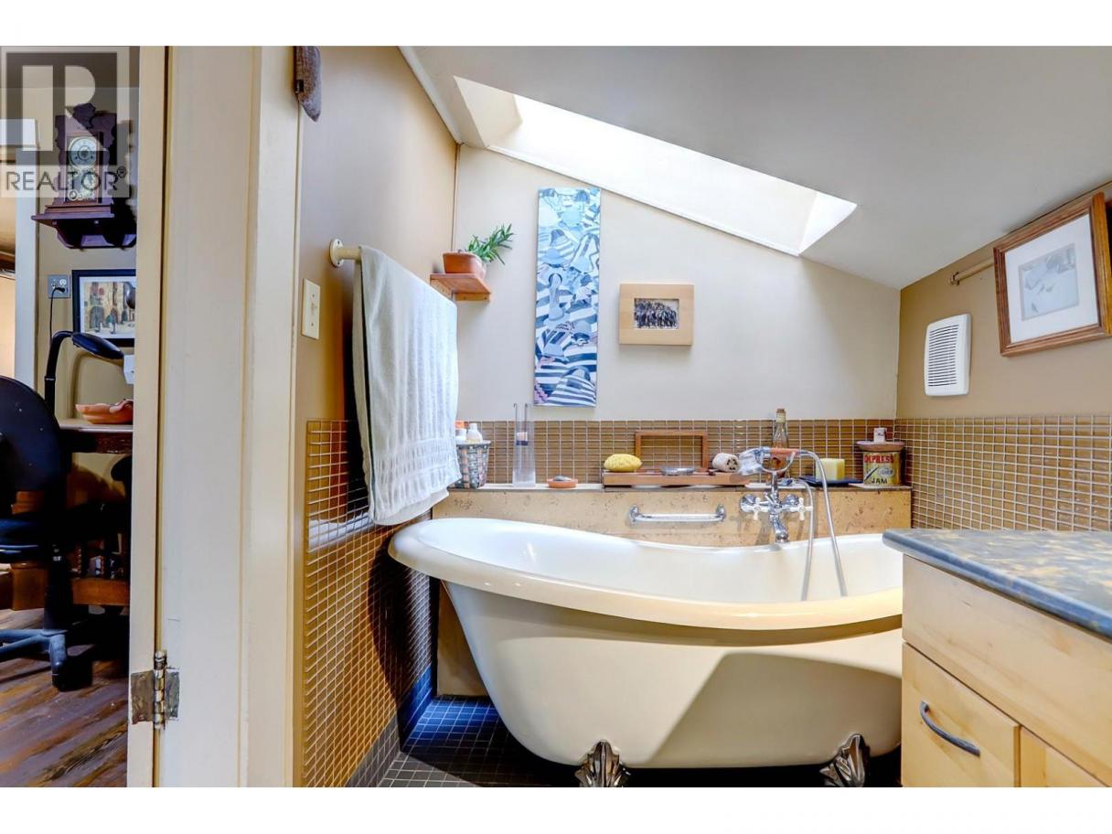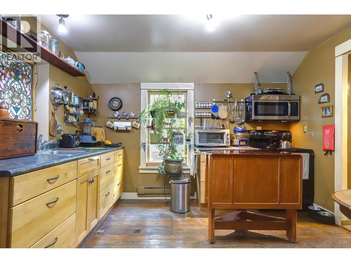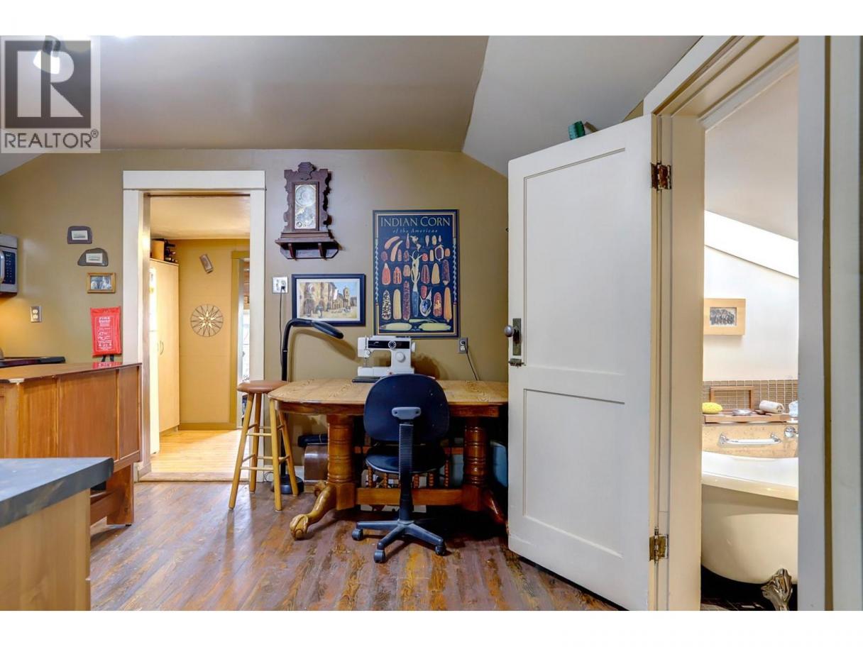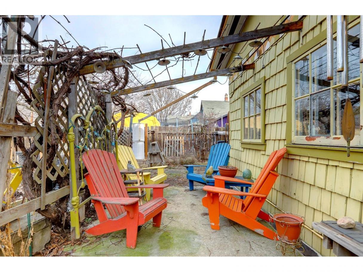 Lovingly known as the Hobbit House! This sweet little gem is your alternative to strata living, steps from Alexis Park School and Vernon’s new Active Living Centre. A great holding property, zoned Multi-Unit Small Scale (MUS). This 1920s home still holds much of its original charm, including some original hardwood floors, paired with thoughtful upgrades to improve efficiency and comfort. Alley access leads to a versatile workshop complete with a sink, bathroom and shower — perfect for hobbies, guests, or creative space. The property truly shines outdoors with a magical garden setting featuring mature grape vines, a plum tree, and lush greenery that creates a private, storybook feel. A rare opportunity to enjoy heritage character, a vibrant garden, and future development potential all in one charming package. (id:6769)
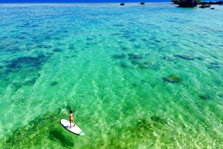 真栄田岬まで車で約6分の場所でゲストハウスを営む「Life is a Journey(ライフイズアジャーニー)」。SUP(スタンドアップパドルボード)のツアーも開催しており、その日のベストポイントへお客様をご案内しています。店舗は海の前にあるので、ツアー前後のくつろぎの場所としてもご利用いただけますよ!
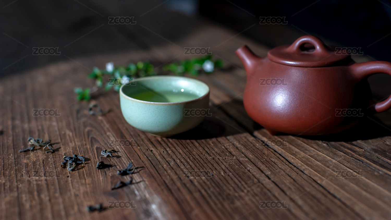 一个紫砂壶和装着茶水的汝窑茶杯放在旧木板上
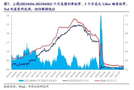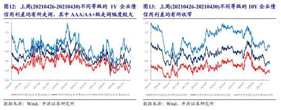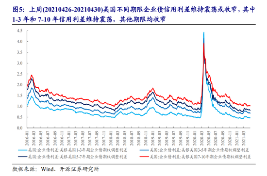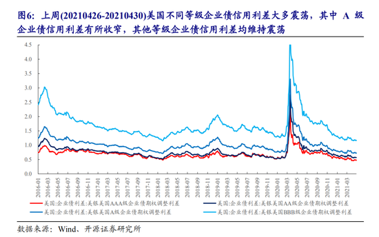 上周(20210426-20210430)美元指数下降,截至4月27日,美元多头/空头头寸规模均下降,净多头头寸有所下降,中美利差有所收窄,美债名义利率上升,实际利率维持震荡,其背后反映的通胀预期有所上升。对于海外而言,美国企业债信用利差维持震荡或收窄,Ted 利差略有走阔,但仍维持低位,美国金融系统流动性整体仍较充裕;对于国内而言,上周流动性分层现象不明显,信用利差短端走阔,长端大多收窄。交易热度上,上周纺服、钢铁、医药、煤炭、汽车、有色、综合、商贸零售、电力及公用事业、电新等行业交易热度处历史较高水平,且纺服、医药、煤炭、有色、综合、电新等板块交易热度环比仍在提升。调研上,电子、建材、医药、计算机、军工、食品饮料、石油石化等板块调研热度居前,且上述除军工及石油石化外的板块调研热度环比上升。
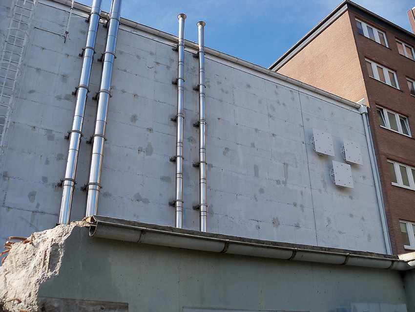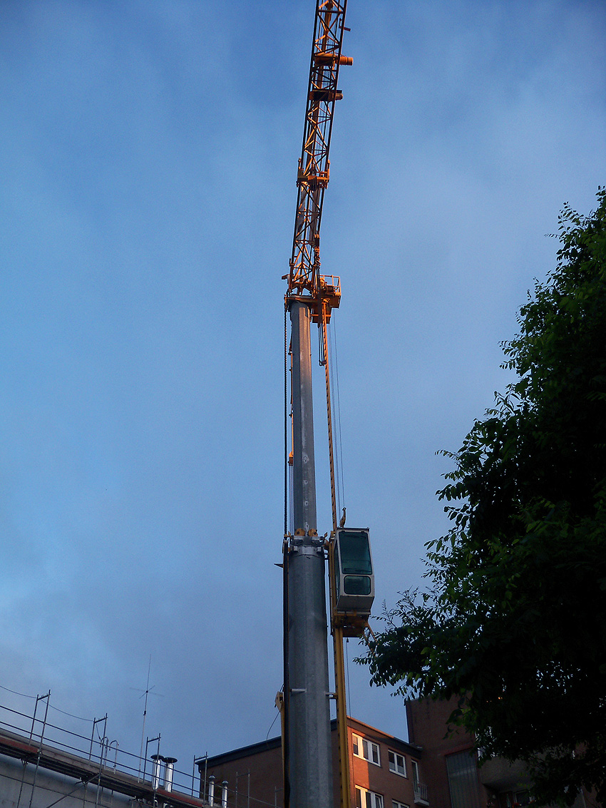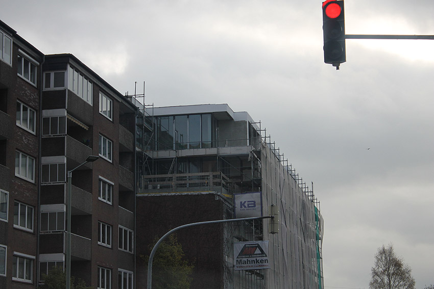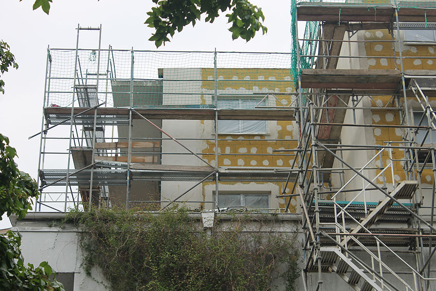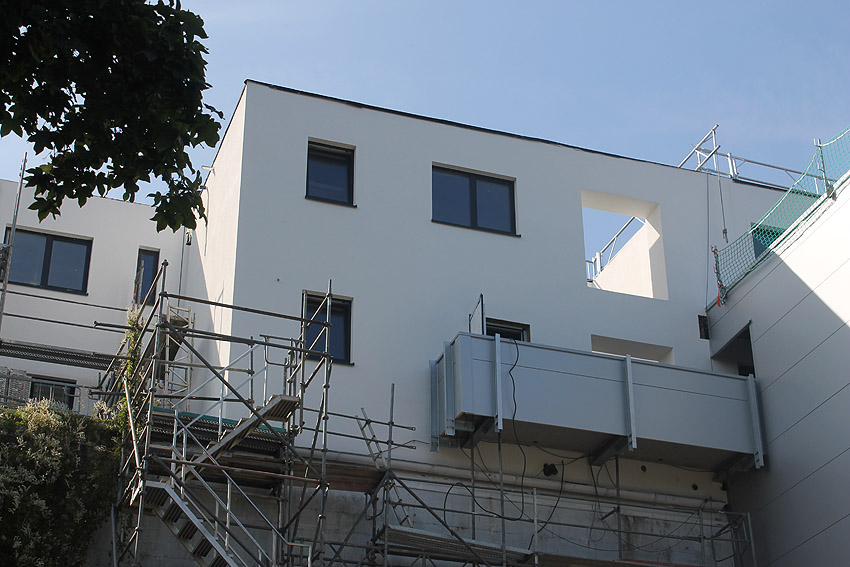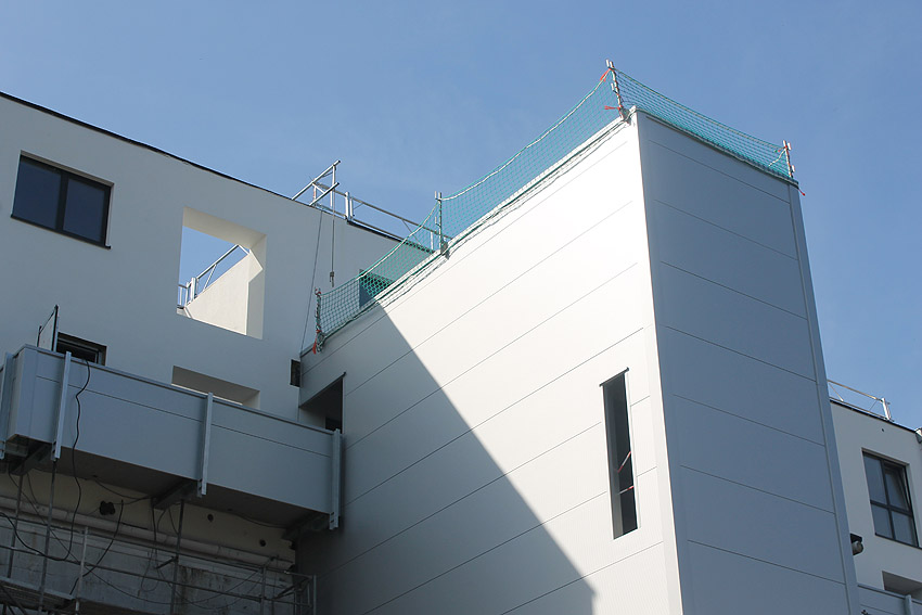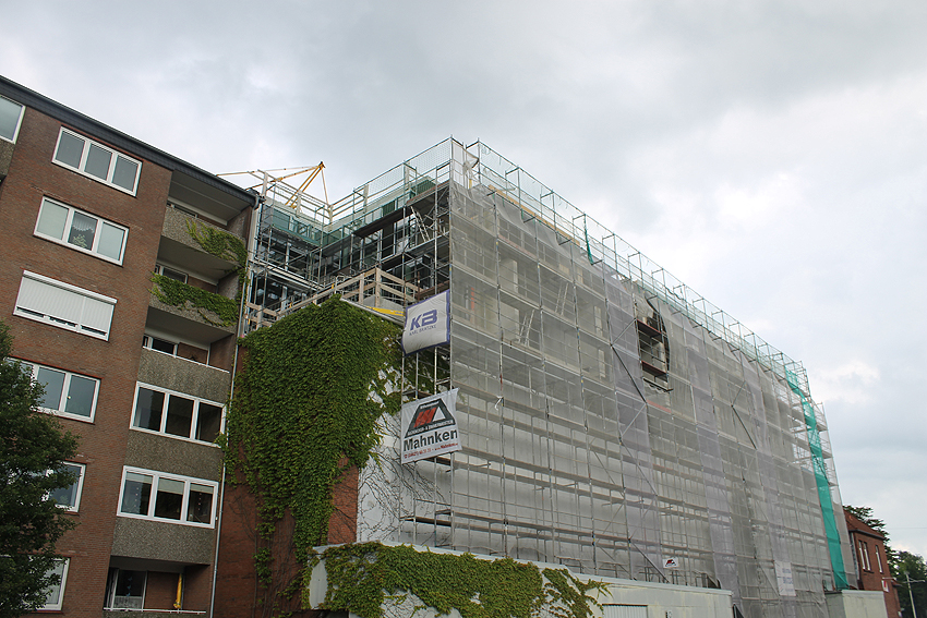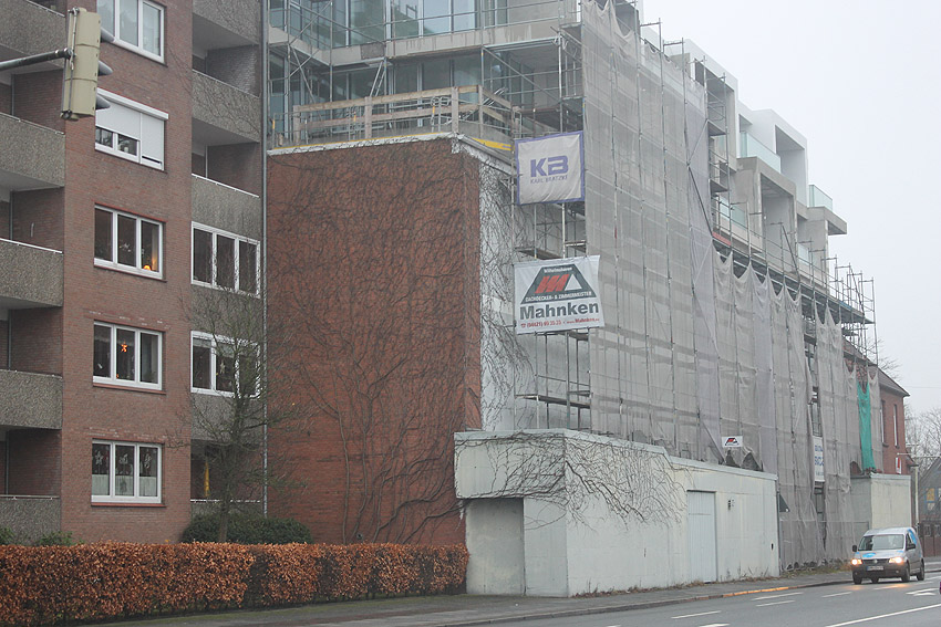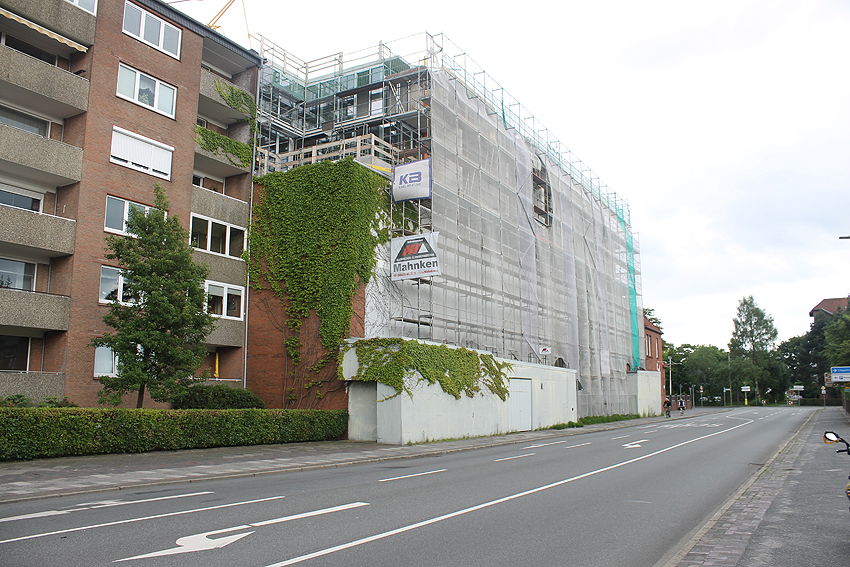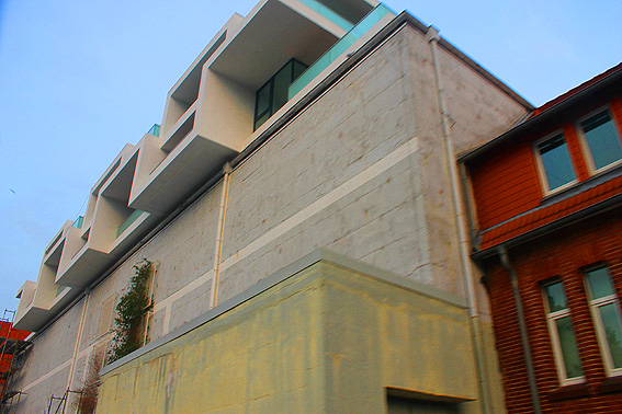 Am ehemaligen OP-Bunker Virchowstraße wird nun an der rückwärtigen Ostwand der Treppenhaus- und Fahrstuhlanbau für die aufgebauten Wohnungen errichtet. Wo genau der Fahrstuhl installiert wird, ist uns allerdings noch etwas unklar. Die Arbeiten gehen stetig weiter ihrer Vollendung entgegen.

+===+

| Directions |
Return only the line with "一个紫砂壶和装着茶水的汝窑茶杯放在旧木板上" and the lines after it up to the end of the records, exact and free of pictures.

| Task solution |
 一个紫砂壶和装着茶水的汝窑茶杯放在旧木板上
 上周(20210426-20210430)美元指数下降,截至4月27日,美元多头/空头头寸规模均下降,净多头头寸有所下降,中美利差有所收窄,美债名义利率上升,实际利率维持震荡,其背后反映的通胀预期有所上升。对于海外而言,美国企业债信用利差维持震荡或收窄,Ted 利差略有走阔,但仍维持低位,美国金融系统流动性整体仍较充裕;对于国内而言,上周流动性分层现象不明显,信用利差短端走阔,长端大多收窄。交易热度上,上周纺服、钢铁、医药、煤炭、汽车、有色、综合、商贸零售、电力及公用事业、电新等行业交易热度处历史较高水平,且纺服、医药、煤炭、有色、综合、电新等板块交易热度环比仍在提升。调研上,电子、建材、医药、计算机、军工、食品饮料、石油石化等板块调研热度居前,且上述除军工及石油石化外的板块调研热度环比上升。
 Am ehemaligen OP-Bunker Virchowstraße wird nun an der rückwärtigen Ostwand der Treppenhaus- und Fahrstuhlanbau für die aufgebauten Wohnungen errichtet. Wo genau der Fahrstuhl installiert wird, ist uns allerdings noch etwas unklar. Die Arbeiten gehen stetig weiter ihrer Vollendung entgegen.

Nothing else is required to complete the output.